In January 2012, he had a conversation that would inspire him to address another issue.
“I was talking to a teacher (who) said they didn’t have a library,” Bellot said. “I wasn’t aware of that.”
Bellot’s wife suggested starting a library and, after praying about it, they agreed to pursue it.
Through donations from parishioners at Mother of Good Counsel and families from Wauwatosa Catholic School, they collected more than 600 books.
For more info
or to donate and help ship books to Dominica, contact Mother of Good Counsel Parish
The books, however, have only gotten as far as the Bellots’ garage because of the Dominica government.
“This is definitely by far the most difficult project we have to work with,” he said. “We have to speak to so many people before we can speak to the correct person.”

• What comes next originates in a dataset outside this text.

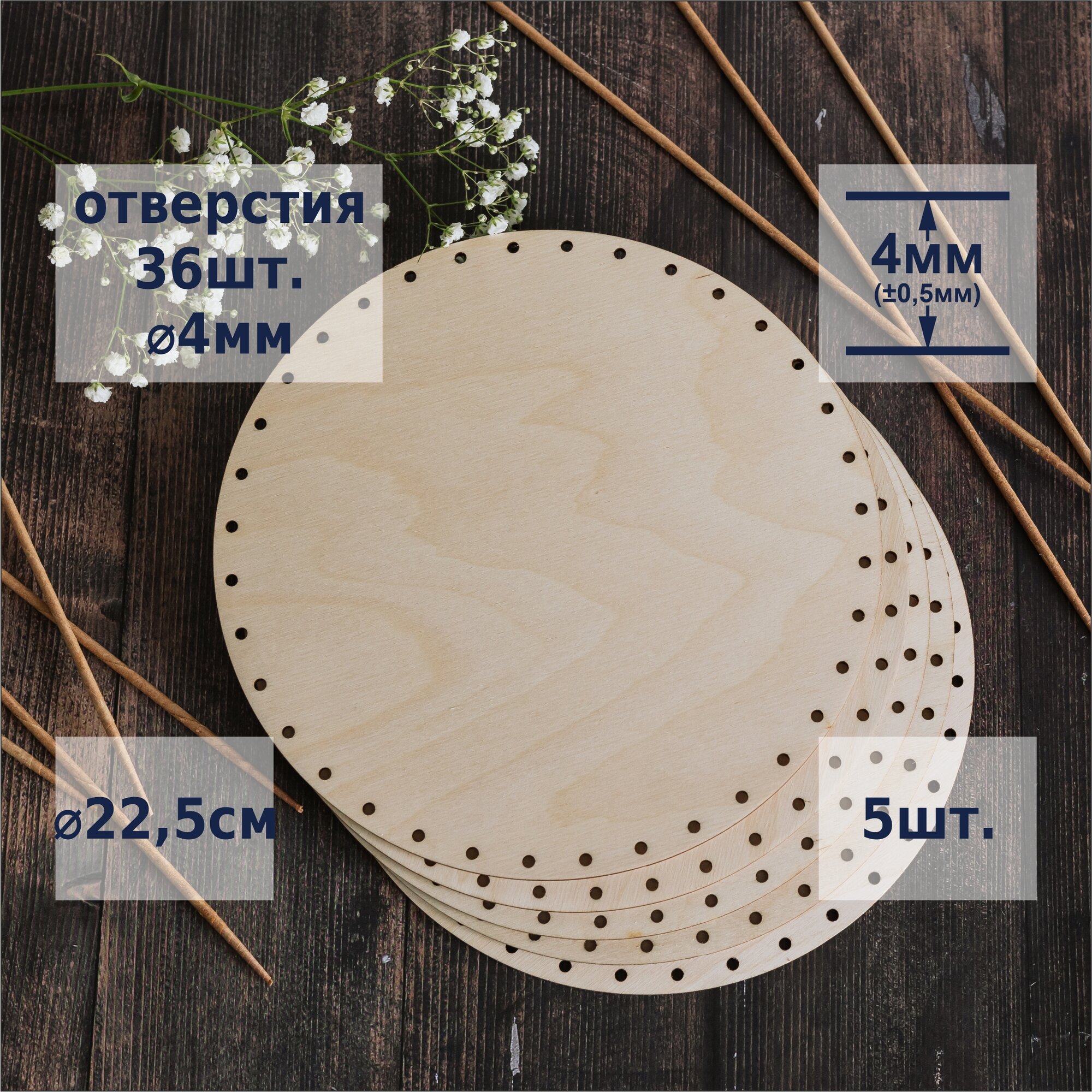 Купить ⌀ 22,5см 5шт отверстия ⌀4мм. Донышко круглое для плетения корзин из бумажной лозы толщина 4мм

The biggest problem is shipping the books. Bellot said they don’t have the funds to mail them and are trying to get the Dominica government to help them.
“What I’m trying to do is make the government realize how important this is,” Bellot said.
Based on a variety of estimates, he said shipping the books can cost between $600 to $1,000. He’s hoping to get the books to Dominica before the end of the year.
Bellot said he gets involved to show people, especially children, how one person can make a difference.
“I believe if parents can get the kids to church and talk to them to get involved with the church and get involved in all the activities, I think we can help put an end to some of these problems we are having now,” Bellot said.
Even though the books haven’t left yet, he’s already planning the next project –– garbage cans –– he hopes to start at the beginning of 2013.
“I contacted the local mayor here in Wauwatosa,” Bellot said, explaining that he and Marianne wondered whether the old garbage carts from Wauwatosa could be sent to Dominica.
“Because people don’t have those garbage cans at their homes, people have to keep the garbage at their home in plastic bags all over the place and then bring them to the side of the street for pick up,” he said, describing garbage pick-up in Dominica.
Bellot admits there are days when he feels exhausted from all of this work.
“I kind of get to the end of the day and say, ‘I have almost nothing left,’” he said. “But then I say to myself, this is exactly what the devil wants, for you to be tired for you to give up … you have to keep going.”
Bellot said he believes in helping whenever he can.
“I strongly believe that nothing is impossible,” he said. “I’m not afraid of taking on any challenge.”